_PROBLEM STATEMENT_
Copy nothing but the line with "當天,會議由主席團常務主席林" and the lines that follow it to the end of the entries below, and keep the pictures out.

=== Begin Enclosure ===

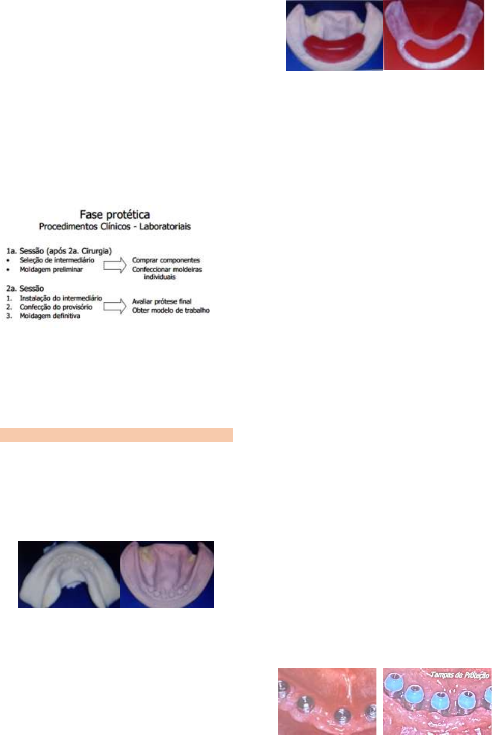 Lara Carvalho Moraes Implantodontia – Próteses tipo protocolos Caso clínico: Paciente desdentado chega no consultório com 5 implantes na região anterior da mandíbula, com cicatrizador em posição e gengiva cicatrizada para confecção de um protocolo inferior que é uma prótese apoiada e retida pelos implantes. As etapas seguintes são semelhantes as realizadas para confecção de uma prótese total, a começar pela moldagem anatômica. Protocolo: Prótese total fixa, implantorretida e implantossuportada, dentes em acrílico. 4 a 6 implantes na região pré-forame. 1ª sessão - Seleção do intermediário e moldagem preliminar para confeccionar moldeiras individuais: 15 a 30 dias após a segunda cirurgia (reabertura, exposição da cabeça do implante e instalação dos cicatrizadores). Moldagem preliminar A moldagem preliminar ou anatômica é realizada com alginato (e não godiva) como se fosse para uma PT, abrangendo toda a área chapeável de interesse, incluindo todo o rebordo. Todo o tratamento é realizado como se fosse uma dentadura, apoiando no rebordo. Ao obter o modelo de gesso, delimitar a região dos implantes e preparar para confeccionar a moldeira individual. Não dá para usar moldeira de estoque. Fazer uma muralha de cera (alívio em cera) no modelo de gesso na região dos implantes e, em seguida, uma moldeira individual aberta é confeccionada. . Os transferentes de moldagem aberta são altos e possuem um parafuso. Durante a moldagem, a parte retentiva do componente de transferência fica no interior do material de moldagem e o parafuso fica para fora, como na moldagem para prótese unitária. Isso justifica a confecção da muralha de cera. Na boca do paciente, nessa mesma sessão, os cicatrizadores são removidos para seleção dos componentes, a começar pelos intermediários. Remove um dos cicatrizadores, mede a quantidade de gengiva e põe o selecionador (se disponível) ou o cicatrizador novamente. Não deixar sem cicatrizador pois a gengiva colaba. No caso em questão, foi selecionado o intermediário convencional que fica totalmente exposto (há uma grande variedade de opções no mercado, poderia ser um mini pilar, um pilar estético, um pilar de fresagem, etc.). O objetivo é que esse ficasse 2 a 3mm acima da gengiva queratinizada. Os implantes são hexágonos externos e os intermediários são parafusados nos implantes. É necessário radiografar para verificar a adaptação (avaliação subgengival). O feixe de raio-x deve estar o mais perpendicular possível à interface que se quer visualizar, não pode estar angulado. Em seguida, realizar o torque do componente de acordo com o recomendado pelo fabricante, geralmente em torno de 20-30N, utilizando a chave para torque e torquímetro ou o próprio motor. O paciente não pode ir embora dessa forma com o intermediário em posição na boca, pois machuca a língua, há entrada de microrganismos e sujidades. É preciso fazer uma proteção com tampas de proteção em teflon ou titânio. Explicar o paciente que tem que higienizar. Lara Carvalho Moraes Moldagem fechada A moldagem pode ser com moldeira aberta ou fechada. A moldagem fechada também pode ser utilizada para componentes parafusados, mas é menos precisa. A moldagem pode ser feita sobre a cabeça do implante ou sobre o intermediário protético, dependendo da situação. Na moldagem fechada, o transferente é colocado em posição e parafusado na boca, é realizada a moldagem e o molde é obtido com o negativo do componente. O transferente é desparafusado da boca do paciente, conectado no análogo e esse conjunto é colocado em posição no molde previamente obtido. Qual o problema dessa moldagem? Apesar de prática, pode ter distorção e problemas de distanciamento entre os implantes por ser uma prótese múltipla fixa. Se fosse uma unitária seria aceitável. No caso em questão, só funciona para: estudo (avaliação da posição dos implantes), confecção de provisórios ou quando não se consegue trabalhar na boca do paciente, logo a peça é feita em 5 unidades e soldada pelo técnico. Moldagem definitiva Dessa forma, é preferível ter precisão e essa moldagem deve ser feita com a moldeira individual aberta. Os componentes de transferência para moldeira aberta são quadrangulares o que impede que girem no interior do material de moldagem. Por ser uma prótese unida e precisar que as peças fiquem na posição correta, é necessário unir os componentes com fio dental fazendo um “oito” e sobre este é aplicada resina acrílica de baixa contração (Duraley), para obter assim um complexo de transferência. Quanto maior o volume de resina, maior a contração logo não pode ter excesso. Pode usar uma broca 3203 para separar as partes, liberar a tensão e depois unir novamente com pequena quantidade de resina. Em seguida, provar a moldeira em boca e verificar se ela continua adaptando. Verificar se o complexo de transferência não impede o assentamento da moldeira individual, fazendo ajustes, se necessário, e verificando também a altura dos parafusos de trabalho, que devem ultrapassar a borda superior da moldeira. Na moldagem com silicone de condensação ou de adição é necessário utilizar um adesivo para retenção química do material na moldeira de resina acrílica ou usar o poliéter (Impregum), que também tem o adesivo e é muito rígido, sendo muito bom para uso na implantodontia. Tampar a parte da abertura da moldeira com cera 7 ou 9 flambada para evitar que o material de moldagem extravase excessivamente (o material molda quando está sendo comprimido) e, em seguida, levar a moldeira novamente em boca para criar orifícios de acesso aos parafusos de trabalho. A moldeira é posicionada na boca com o material de moldagem. Os orifícios de acesso aos parafusos permitirão que o complexo de transferência seja desparafusado após a presa do material de moldagem, possibilitando a remoção da moldeira com o complexo de t
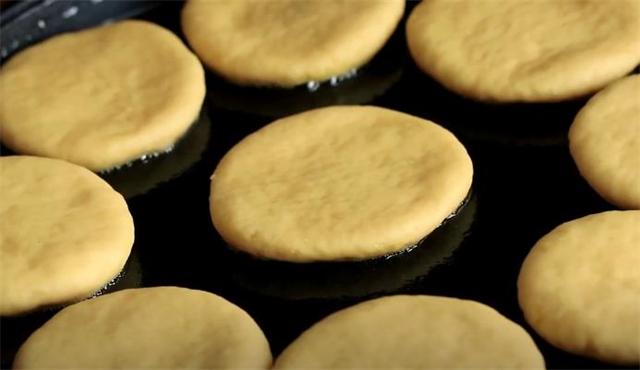 8.电饼铛刷油,放入小饼,煎熟后出锅,美味即成。
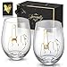 HIGH QUALITY : The gold letter stemless wine glasses is easy to clean and hold with curved body and rounded rims can prevent spills and splashes, easy to hold and can give you a comfortable grip. In order to maintain the printing bright and durable, it’s better to wash it by hands.
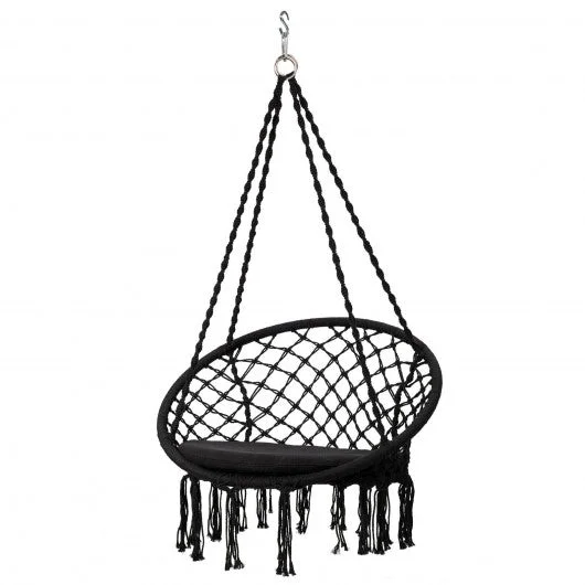 Macrame Cushioned Hanging Swing Hammock Chair-Black
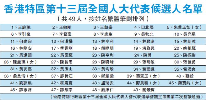 當天,會議由主席團常務主席林鄭月娥主持,她作了關於香港第十三屆全國人大代表候選人提名情況的報告。主席團經過審查,有58名年滿18周歲的香港特別行政區居民中的中國公民送交了參選人登記表和10名以上選舉會議成員分別為其填寫的候選人提名信,確認其中的49人符合代表候選人條件。根據選舉辦法的規定,主席團確認該49人為香港第十三屆全國人大代表候選人。會議決定公布候選人名單(見表)及其簡介(刊A16版)。
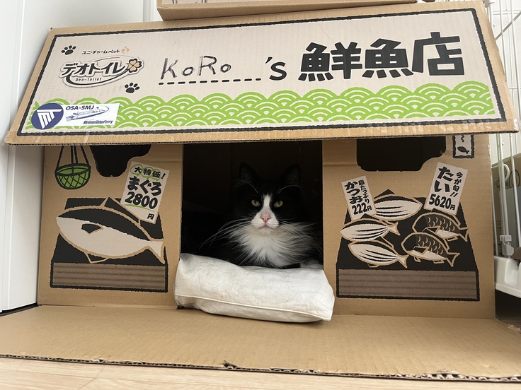 今日の写真はおもちゃで遊ぶコロちゃんと久しぶりに鮮魚店を開いたコロちゃんです。
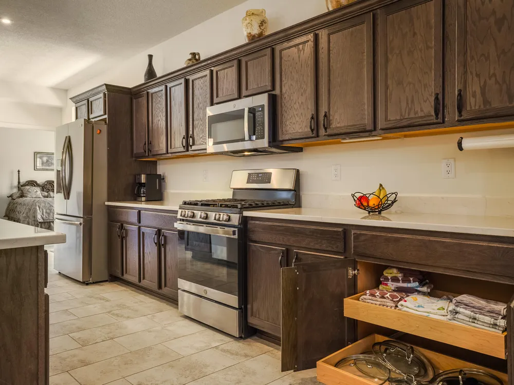 - Breakfast Bar, Dual Sinks, Great Room, Home Office, Kitchen Island, Main Level Primary, Pantry, Separate Shower, Utility Room, Walk-In Closet(s)

=== End Enclosure ===

_OUTPUT_
 當天,會議由主席團常務主席林鄭月娥主持,她作了關於香港第十三屆全國人大代表候選人提名情況的報告。主席團經過審查,有58名年滿18周歲的香港特別行政區居民中的中國公民送交了參選人登記表和10名以上選舉會議成員分別為其填寫的候選人提名信,確認其中的49人符合代表候選人條件。根據選舉辦法的規定,主席團確認該49人為香港第十三屆全國人大代表候選人。會議決定公布候選人名單(見表)及其簡介(刊A16版)。
 今日の写真はおもちゃで遊ぶコロちゃんと久しぶりに鮮魚店を開いたコロちゃんです。
 - Breakfast Bar, Dual Sinks, Great Room, Home Office, Kitchen Island, Main Level Primary, Pantry, Separate Shower, Utility Room, Walk-In Closet(s)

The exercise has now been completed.